UWM Grad Students Collaborate with Public Museum

Photos: Nathan Brown

A birch bark vessel sat on a plastic stand. Painted on the outside of the vessel, mounted Cossack musicians plucked their banduras and clashed cymbals together. Behind these musicians, a Cossack host clad with pikes, swords and rifles filled the surrounding landscape. After about 30 years of storage in the anthropology collection at the Milwaukee Public Museum, museum members could observe this container at the Inside Out event on April 26.  

The birch bark vessel was likely crafted in Severodvinsk, Russia. Similar containers were often used to store dry goods, but sometimes they were used as drinking vessels. This container was gifted to the MPM in 1915. After 1972 the container was displayed in the European Village exhibition until superficial and structural damage caused its removal in the 1990s. Recently, the vessel returned to public view as part of a temporary display on birch bark by University of Wisconsin-Milwaukee graduate student Arthur Omeara. 

“I am very passionate about history, and I think that everybody else should be,” Omeara said. “I am very good at getting other people excited about things that I am excited about.”

Omeara and other students who prepared to present delicate objects for the Inside Out event are in the Public History Graduate Program specializing in Museum Studies at UWM. UWM collaborates with the MPM to provide the hands-on experience of working at a museum. 

Graduate student Catherine Lee also prepared for the event at the museum. Her presentation focused on a Kenyan ornament consisting of iron, glass beads, copper wiring, leather and fur. This makes storage of the object complicated as each material requires a different temperature and humidity. The object was hung vertically on display in the 1990s but this caused stress on the object. Eventually it was taken down. 

“It’s been really neat to work here at the MPM during class and to be able to interact with their family audience,” Lee said. “The public never ceases to surprise you. They are a dynamic bunch and that’s what I love about it.”

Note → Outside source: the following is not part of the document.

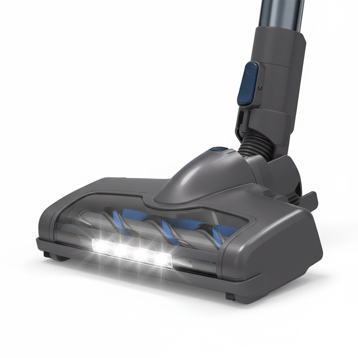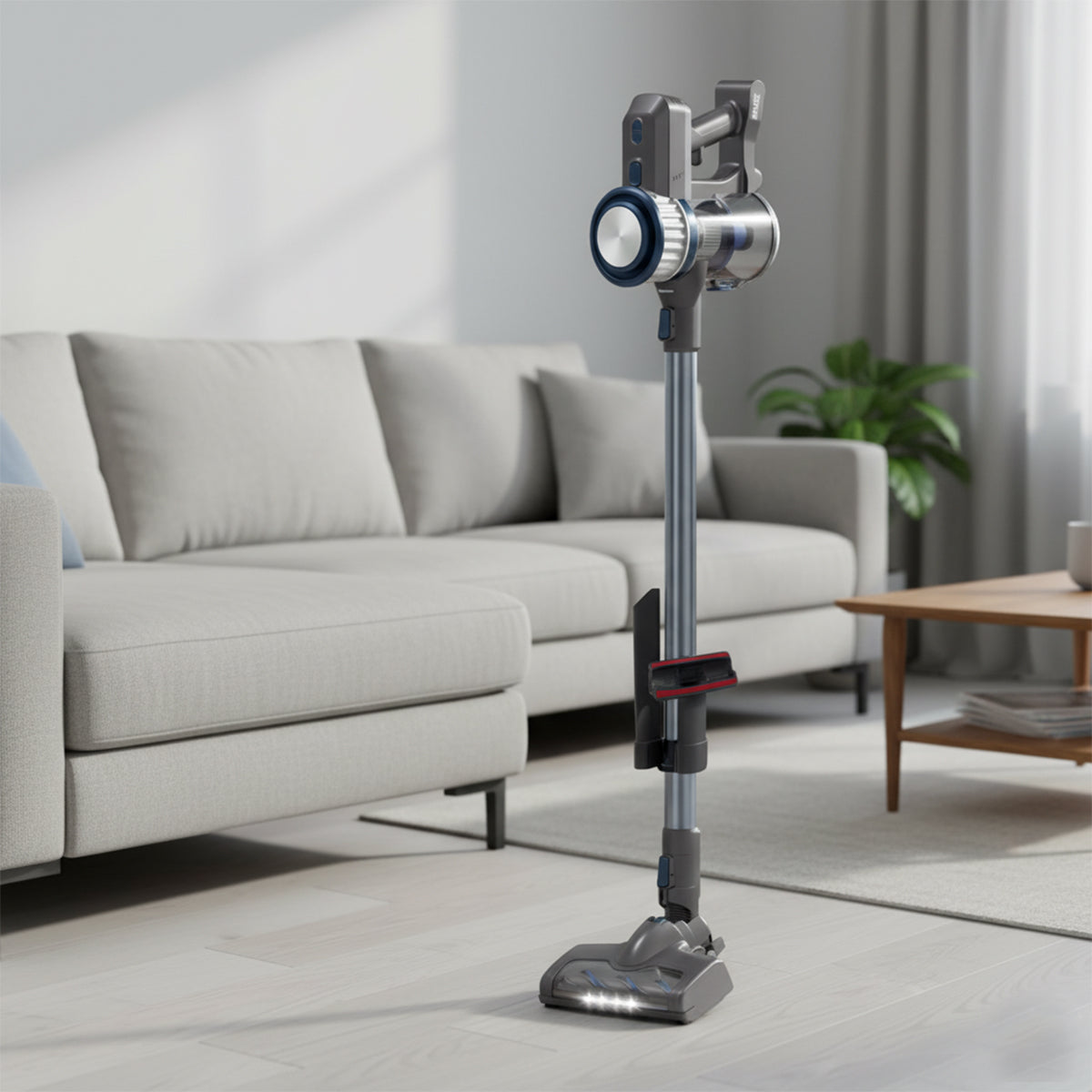 Il design free stand consente alla scopa di restare in posizione verticale senza bisogno di appoggio, e il tubo in metallo smontabile la rende comoda da riporre. Inclusi accessori pratici come beccuccio a lancia, spazzola per tessuti e supporto a parete per la ricarica.

The graduate program’s instructor, Dawn Scher Thomae, is the curator of collections in the anthropology department. Along with instructing students, Thomae is responsible for about 520,000 objects. These objects include all the museum’s archeological collections, along with items from the indigenous Americas, Africa, and the Pacific. Thomae and other museum staff are currently deciding which of these half a million objects will be on display at the MPM’s new location set to open in 2027. 

“The process is onerous,” Thomae said. “It has to fit our larger thematic direction, which is the interconnectedness of nature and culture. At least we have that covered because people use their environment to create and to survive.”

Indre Gavenaite, a museum guest who grew up in Lithuania, wants the new museum to include representations of European culture similar to the European Village exhibition present in the current museum.

“I think it is important to have something like that in Milwaukee,” Gavenaite said, “like different heritages and how it was back in the day.”

Another museum guest, Mushka Lein, also appreciated the current museum’s representation of her cultural heritage. 

“I always look for the Jewish house because we’re Jewish,” Lein said. “That’s always special for us.”